┌─ RECORDS FOR PROCESSING

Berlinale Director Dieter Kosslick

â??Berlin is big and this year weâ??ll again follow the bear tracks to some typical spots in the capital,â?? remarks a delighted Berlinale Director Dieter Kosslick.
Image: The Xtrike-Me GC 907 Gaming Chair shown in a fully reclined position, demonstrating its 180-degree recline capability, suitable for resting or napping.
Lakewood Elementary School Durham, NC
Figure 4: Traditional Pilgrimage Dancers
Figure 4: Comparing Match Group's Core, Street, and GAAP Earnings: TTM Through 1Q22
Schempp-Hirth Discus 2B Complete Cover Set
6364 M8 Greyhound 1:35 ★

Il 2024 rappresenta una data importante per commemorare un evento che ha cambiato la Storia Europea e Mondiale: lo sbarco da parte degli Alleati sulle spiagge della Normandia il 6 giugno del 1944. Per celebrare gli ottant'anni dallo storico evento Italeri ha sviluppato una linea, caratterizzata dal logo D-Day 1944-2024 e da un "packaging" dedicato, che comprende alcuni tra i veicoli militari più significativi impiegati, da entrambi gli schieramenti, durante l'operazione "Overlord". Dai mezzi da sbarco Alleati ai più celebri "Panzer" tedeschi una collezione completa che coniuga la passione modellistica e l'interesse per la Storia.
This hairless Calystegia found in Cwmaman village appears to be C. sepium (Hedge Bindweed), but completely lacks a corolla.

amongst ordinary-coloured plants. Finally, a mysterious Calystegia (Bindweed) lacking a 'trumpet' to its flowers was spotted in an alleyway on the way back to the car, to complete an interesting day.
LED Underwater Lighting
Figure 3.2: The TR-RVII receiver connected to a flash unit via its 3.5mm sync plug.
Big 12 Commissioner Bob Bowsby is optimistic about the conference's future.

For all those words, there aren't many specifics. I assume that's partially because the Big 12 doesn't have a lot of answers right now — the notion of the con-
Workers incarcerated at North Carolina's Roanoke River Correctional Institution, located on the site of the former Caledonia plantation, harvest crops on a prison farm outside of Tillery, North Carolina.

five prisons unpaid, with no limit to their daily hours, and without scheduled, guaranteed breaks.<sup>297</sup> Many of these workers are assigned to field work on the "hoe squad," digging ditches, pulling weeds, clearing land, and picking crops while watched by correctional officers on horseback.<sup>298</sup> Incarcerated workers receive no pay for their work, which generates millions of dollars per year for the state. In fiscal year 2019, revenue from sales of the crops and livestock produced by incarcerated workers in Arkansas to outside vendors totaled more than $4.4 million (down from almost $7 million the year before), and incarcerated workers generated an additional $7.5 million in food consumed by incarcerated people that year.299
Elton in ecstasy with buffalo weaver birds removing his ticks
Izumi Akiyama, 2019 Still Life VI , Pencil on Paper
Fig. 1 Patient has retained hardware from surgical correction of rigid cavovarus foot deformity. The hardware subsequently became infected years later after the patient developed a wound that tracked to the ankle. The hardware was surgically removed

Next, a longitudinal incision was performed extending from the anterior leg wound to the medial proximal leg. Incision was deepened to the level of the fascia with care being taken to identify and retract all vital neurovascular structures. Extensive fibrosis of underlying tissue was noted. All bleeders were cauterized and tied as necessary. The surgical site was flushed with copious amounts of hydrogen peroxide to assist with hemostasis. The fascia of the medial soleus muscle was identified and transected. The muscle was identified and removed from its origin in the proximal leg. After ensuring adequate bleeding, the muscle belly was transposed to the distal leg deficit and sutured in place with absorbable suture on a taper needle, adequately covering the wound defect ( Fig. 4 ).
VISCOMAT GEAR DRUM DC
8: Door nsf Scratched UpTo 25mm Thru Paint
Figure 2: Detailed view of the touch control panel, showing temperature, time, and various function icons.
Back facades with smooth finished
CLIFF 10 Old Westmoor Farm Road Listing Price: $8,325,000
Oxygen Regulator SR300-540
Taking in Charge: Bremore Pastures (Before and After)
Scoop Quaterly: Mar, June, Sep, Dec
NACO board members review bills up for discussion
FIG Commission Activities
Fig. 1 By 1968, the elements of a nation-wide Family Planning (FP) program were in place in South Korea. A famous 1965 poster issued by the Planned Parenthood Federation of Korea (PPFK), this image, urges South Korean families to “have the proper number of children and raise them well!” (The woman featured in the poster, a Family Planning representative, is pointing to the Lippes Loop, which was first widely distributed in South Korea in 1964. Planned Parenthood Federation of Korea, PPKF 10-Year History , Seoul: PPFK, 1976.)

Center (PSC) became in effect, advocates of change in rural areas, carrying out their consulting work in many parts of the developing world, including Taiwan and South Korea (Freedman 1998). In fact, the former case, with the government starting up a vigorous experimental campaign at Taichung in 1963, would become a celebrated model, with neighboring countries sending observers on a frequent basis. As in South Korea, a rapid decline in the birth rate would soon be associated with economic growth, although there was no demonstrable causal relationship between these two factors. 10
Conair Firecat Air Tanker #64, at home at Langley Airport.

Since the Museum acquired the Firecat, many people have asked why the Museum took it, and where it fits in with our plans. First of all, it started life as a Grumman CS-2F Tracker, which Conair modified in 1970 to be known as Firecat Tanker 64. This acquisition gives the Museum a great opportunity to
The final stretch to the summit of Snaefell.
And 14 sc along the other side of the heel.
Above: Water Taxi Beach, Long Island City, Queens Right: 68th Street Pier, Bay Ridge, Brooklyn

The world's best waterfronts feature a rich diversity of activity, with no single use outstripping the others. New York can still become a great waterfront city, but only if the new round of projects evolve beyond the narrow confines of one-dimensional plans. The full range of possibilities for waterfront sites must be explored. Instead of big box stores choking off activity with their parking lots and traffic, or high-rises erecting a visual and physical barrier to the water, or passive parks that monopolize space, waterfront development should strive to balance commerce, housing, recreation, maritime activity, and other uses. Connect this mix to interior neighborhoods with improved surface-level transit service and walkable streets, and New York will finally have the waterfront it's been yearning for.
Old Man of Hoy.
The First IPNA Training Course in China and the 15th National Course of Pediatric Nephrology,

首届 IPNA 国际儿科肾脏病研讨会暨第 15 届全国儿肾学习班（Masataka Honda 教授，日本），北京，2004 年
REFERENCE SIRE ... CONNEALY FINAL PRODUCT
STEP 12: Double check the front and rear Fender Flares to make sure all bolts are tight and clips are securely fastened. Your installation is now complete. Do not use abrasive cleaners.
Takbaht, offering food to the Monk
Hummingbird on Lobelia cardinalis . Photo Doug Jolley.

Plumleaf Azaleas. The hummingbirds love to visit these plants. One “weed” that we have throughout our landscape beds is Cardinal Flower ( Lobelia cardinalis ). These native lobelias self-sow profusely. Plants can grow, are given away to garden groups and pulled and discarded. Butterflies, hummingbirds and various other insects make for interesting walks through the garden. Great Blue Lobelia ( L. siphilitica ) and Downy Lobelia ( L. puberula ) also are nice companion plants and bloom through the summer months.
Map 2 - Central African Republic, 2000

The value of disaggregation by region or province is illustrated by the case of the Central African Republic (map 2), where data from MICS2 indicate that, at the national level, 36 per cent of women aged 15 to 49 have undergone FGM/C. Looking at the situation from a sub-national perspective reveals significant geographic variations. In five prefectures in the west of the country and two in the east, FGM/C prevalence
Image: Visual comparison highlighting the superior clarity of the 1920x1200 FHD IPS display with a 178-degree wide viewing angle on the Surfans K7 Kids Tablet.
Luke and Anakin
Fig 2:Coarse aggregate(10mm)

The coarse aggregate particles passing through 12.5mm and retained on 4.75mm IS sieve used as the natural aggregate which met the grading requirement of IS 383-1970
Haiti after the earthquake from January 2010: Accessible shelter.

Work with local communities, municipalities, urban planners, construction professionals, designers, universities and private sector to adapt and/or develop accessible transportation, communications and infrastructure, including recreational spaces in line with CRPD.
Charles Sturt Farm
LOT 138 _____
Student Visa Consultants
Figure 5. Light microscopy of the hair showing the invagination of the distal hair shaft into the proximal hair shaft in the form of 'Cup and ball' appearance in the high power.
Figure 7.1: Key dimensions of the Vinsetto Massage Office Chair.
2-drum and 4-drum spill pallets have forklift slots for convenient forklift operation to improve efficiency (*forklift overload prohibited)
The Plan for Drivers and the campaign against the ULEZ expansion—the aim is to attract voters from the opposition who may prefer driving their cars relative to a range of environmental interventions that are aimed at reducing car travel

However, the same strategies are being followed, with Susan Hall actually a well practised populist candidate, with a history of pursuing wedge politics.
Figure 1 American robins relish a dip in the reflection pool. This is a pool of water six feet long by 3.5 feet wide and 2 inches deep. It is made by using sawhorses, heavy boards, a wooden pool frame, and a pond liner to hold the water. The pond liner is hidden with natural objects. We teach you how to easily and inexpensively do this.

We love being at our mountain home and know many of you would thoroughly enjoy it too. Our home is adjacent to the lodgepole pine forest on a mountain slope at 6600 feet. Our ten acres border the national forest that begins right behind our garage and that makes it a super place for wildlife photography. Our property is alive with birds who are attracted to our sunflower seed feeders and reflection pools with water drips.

└─

◆ **WORK ITEM**
Beginning at the first line of the data above, retype each line until you reach the line containing "Il 2024 rappresenta", and include that one too. Add nothing else.

◆ **ANSWER FOR THIS EXERCISE**
Berlinale Director Dieter Kosslick

â??Berlin is big and this year weâ??ll again follow the bear tracks to some typical spots in the capital,â?? remarks a delighted Berlinale Director Dieter Kosslick.
Image: The Xtrike-Me GC 907 Gaming Chair shown in a fully reclined position, demonstrating its 180-degree recline capability, suitable for resting or napping.
Lakewood Elementary School Durham, NC
Figure 4: Traditional Pilgrimage Dancers
Figure 4: Comparing Match Group's Core, Street, and GAAP Earnings: TTM Through 1Q22
Schempp-Hirth Discus 2B Complete Cover Set
6364 M8 Greyhound 1:35 ★

Il 2024 rappresenta una data importante per commemorare un evento che ha cambiato la Storia Europea e Mondiale: lo sbarco da parte degli Alleati sulle spiagge della Normandia il 6 giugno del 1944. Per celebrare gli ottant'anni dallo storico evento Italeri ha sviluppato una linea, caratterizzata dal logo D-Day 1944-2024 e da un "packaging" dedicato, che comprende alcuni tra i veicoli militari più significativi impiegati, da entrambi gli schieramenti, durante l'operazione "Overlord". Dai mezzi da sbarco Alleati ai più celebri "Panzer" tedeschi una collezione completa che coniuga la passione modellistica e l'interesse per la Storia.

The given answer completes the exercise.